Luke se dio unos golpecitos en la sien, exclamó «¡Ahí va!», hizo girar los ojos y volvió a desplomarse sobre la hierba.
Me eché a reír. Luke era la mar de divertido.
—¿Quieres jugar conmigo? —Luke enarcó las cejas para subrayar la pregunta.
Sonreí de oreja a oreja.
—Pues claro, Luke. ¡Jugar es lo que más me gusta! —Y salté la valla del jardín para reunirme con él en el césped.
—¿Qué edad tienes? —Me miró con recelo—. Pareces de la misma edad que mi tía —frunció el ceño—. Y a mi tía no le gusta jugar con el coche de bomberos.
Me encogí de hombros.
—Bueno, pues será que tu tía es una asos vieja y aburrida.
—¡Una asos! —chilló Luke con regocijo—. ¿Qué es una asos?
—Alguien que es sosa —dije arrugando la nariz y diciendo la palabra como si fuera una enfermedad. Me gustaba decir las palabras al revés; era como inventar mi propio lenguaje.
—Sosa —repitió Luke conmigo y arrugó la nariz—, eeecs.
—¿Cuántos años tienes tú? —pregunté a Luke mientras estrellaba el coche patrulla contra el de los bomberos. El bombero jefe volvió a caerse de la escalera—. Tú sí que te pareces a mi tía —le acusé, y Luke se retorció de risa. Reía muy alto.
—¡Sólo tengo seis años, Ivan! ¡Y no soy una niña!
—Vaya. —En realidad no tengo ninguna tía, pero se me ocurrió decirlo para hacerle reír—. No veo que seis años sean pocos años.
Justo cuando me disponía a preguntarle cuáles eran sus dibujos animados favoritos se abrió la puerta principal y oí un berrido. Luke palideció y miré hacia donde él miraba.
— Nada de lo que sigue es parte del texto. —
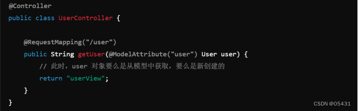 在这个示例中,如果模型中已经有一个 user 属性,它将被绑定到 getUser 方法的参数上。如果模型中没有 user 属性,Spring 会创建一个新的 User 对象,并将其添加到模型中。
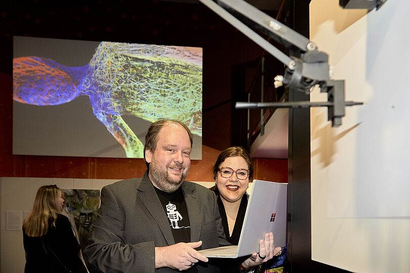 Lena Reifenhäuser und Sebastian Trella mit MANUEL(L) Bild: Deutsches Museum | Eric Alexander Lichtenscheidt
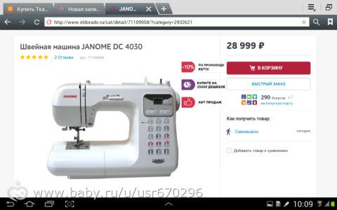 Ой, начну с похвастушек!)Загорелась я месяц назад идеей покупки швейной машины(никогда не шила, если только в школе на трудах классе в 7-ом), а тут приспичило капец)))Выбирала, отзывы-обзоры смотрела, остановилась на Janome DC 4030(только вот покупать планировала через инет, там, кстати, значительно дешевле она бы обошлась, тысяч в 17-18).Влюбилась в нее просто!

—¡¡Saoirse, devuélveme las llaves!! —chillaba una voz desesperada. Una mujer aturullada, con las mejillas encendidas y los ojos desorbitados, cuya larga y sucia melena pelirroja colgaba en mechones alrededor de su cara, salió corriendo de la casa. Otro berrido procedente del interior la hizo trastabillar sobre sus zapatos de plataforma en el escalón del porche delantero. Soltó un taco y se apoyó en la pared exterior para no perder el equilibrio. Al levantar la vista miró hacia el extremo del jardín donde estábamos sentados Luke y yo. Cuando abrió la boca para sonreír mostró unos dientes torcidos y amarillentos. Retrocedí un poco sin levantarme. Vi que Luke hacía lo mismo. La mujer saludó a Luke alzando el pulgar y graznó:
—Hasta la vista, chaval.
Dejó de apoyarse en la pared, se tambaleó un poco y se encaminó con paso decidido al coche aparcado en el camino de entrada.
—¡¡Saoirse!! —La voz de la persona que seguía dentro de la casa volvió a sonar—. ¡¡Como pongas un solo pie en ese coche llamaré a la Garda!
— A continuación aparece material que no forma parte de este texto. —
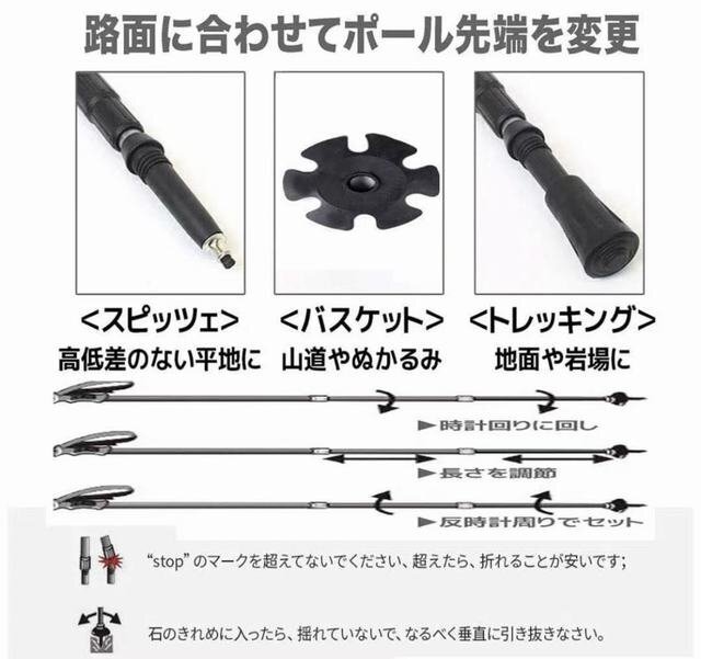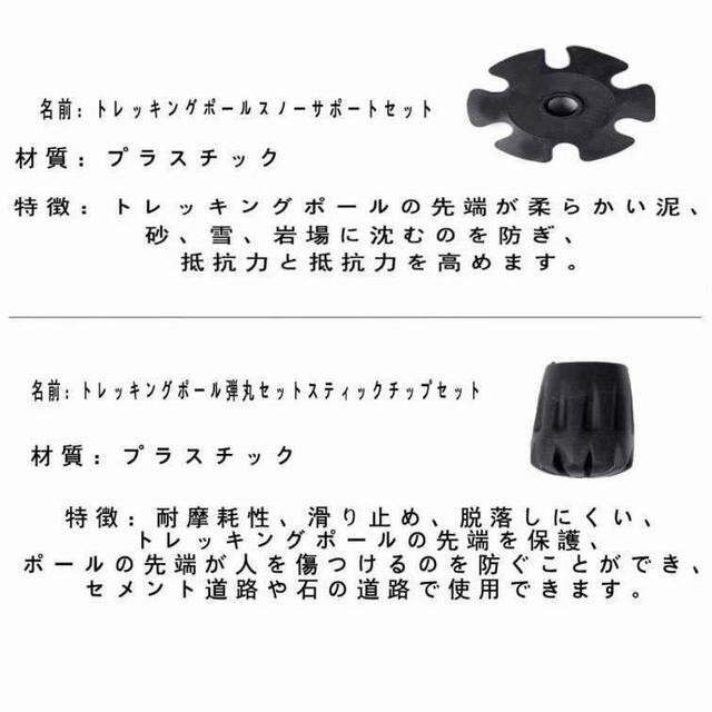 こちらのトレッキングポールの主な材料はアルミニウムで,軽量で丈夫です。 サイズ:収納時65cm 最大135cm 重さ:約300g(一本) (バスケットとプロテクター)EVA素材:EVA素材はよい防湿で、耐水性と耐食性、抗菌、無毒、無味だという長所を持っています。人間工学に基づくEVA取っ手は柔らかくて握り心地は快適です;幅広でソフトなストラップは長さ調節が可能、山登り、降り両方対応できます アンチショック機能つきなので,手首や腕への負担を軽減します。

La pelirroja dio un resoplido, pulsó un botón del llavero del coche y las luces emitieron un destello y se oyó un pitido. Abrió la puerta, subió dándose un golpe en la cabeza y cerró con un sonoro portazo. Desde la otra punta del césped oí el clic del seguro de las puertas. Unos cuantos chicos dejaron de jugar en la calle para contemplar la escena que se desarrollaba delante de ellos.
Finalmente la propietaria de la voz misteriosa salió corriendo al jardín con un teléfono en la mano. Era muy distinta de la otra señora. Llevaba el pelo recogido en un moño impecable y un elegante traje sastre gris que no pegaba con la voz aguda y destemplada que parecía tener. También estaba congestionada y le faltaba el aliento. El pecho le subía y bajaba deprisa mientras corría cuanto le permitían los tacones hacia el coche. Se puso a dar brincos alrededor del coche; primero probó la manecilla de la puerta y al encontrarla cerrada amenazó con llamar al 999.
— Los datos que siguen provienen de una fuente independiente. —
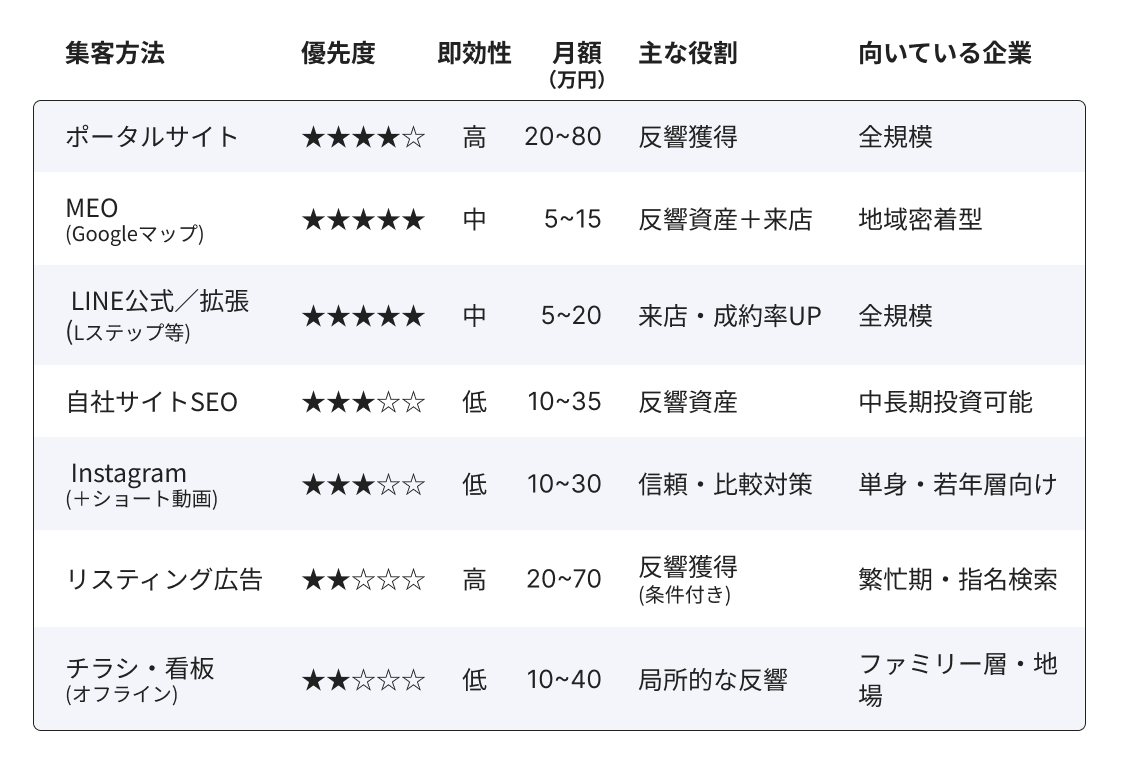 本記事では、不動産賃貸仲介の集客を、予算別(月30万円〜1億円超)にどう設計し、何を判断軸にすべきかに焦点を当てています。

—Voy a llamar a la Garda, Saoirse —advirtió agitando el teléfono hacia la ventanilla del conductor.
Saoirse se limitó a sonreírle desde dentro del coche y puso el motor en marcha. A la señora que había amenazado con telefonear a la policía se le quebró la voz mientras le suplicaba que bajara del coche. Saltaba sobre uno y otro pie dando la impresión de que dentro de su cuerpo hubiera alguien que se agitara intentando salir, como el Increíble Hulk.
Saoirse salió disparada por la larga rampa adoquinada. A medio camino aminoró la marcha. La mujer del teléfono bajó los hombros y se mostró aliviada. Pero, en lugar de detenerse por completo, el coche avanzó a paso de tortuga mientras la ventanilla del lado del conductor se bajaba y por su hueco asomaban dos dedos levantados en alto con orgullo para que todo el mundo lo viera.
—Bah, volverá dentro de dos minutos —dije a Luke, que me miró de una manera extraña.
La mujer del teléfono observó aterrada cómo el coche volvía a acelerar y casi atropellaba a un niño al enfilar la calzada. Ante ese espectáculo unos mechones de pelo se le soltaron del apretado moño como si quisieran dar caza al coche por su cuenta.
Luke bajó la cabeza y puso al bombero otra vez en la escalera sin decir esta boca es mía. La mujer soltó un chillido de exasperación, levantó los brazos y giró en redondo. Se oyó un crujido cuando un tacón se clavó entre los adoquines de la rampa. La mujer agitó la pierna como una loca, cada vez más frustrada, hasta que al final el zapato salió volando, aunque, eso sí, dejando el tacón bien hincado en la grieta.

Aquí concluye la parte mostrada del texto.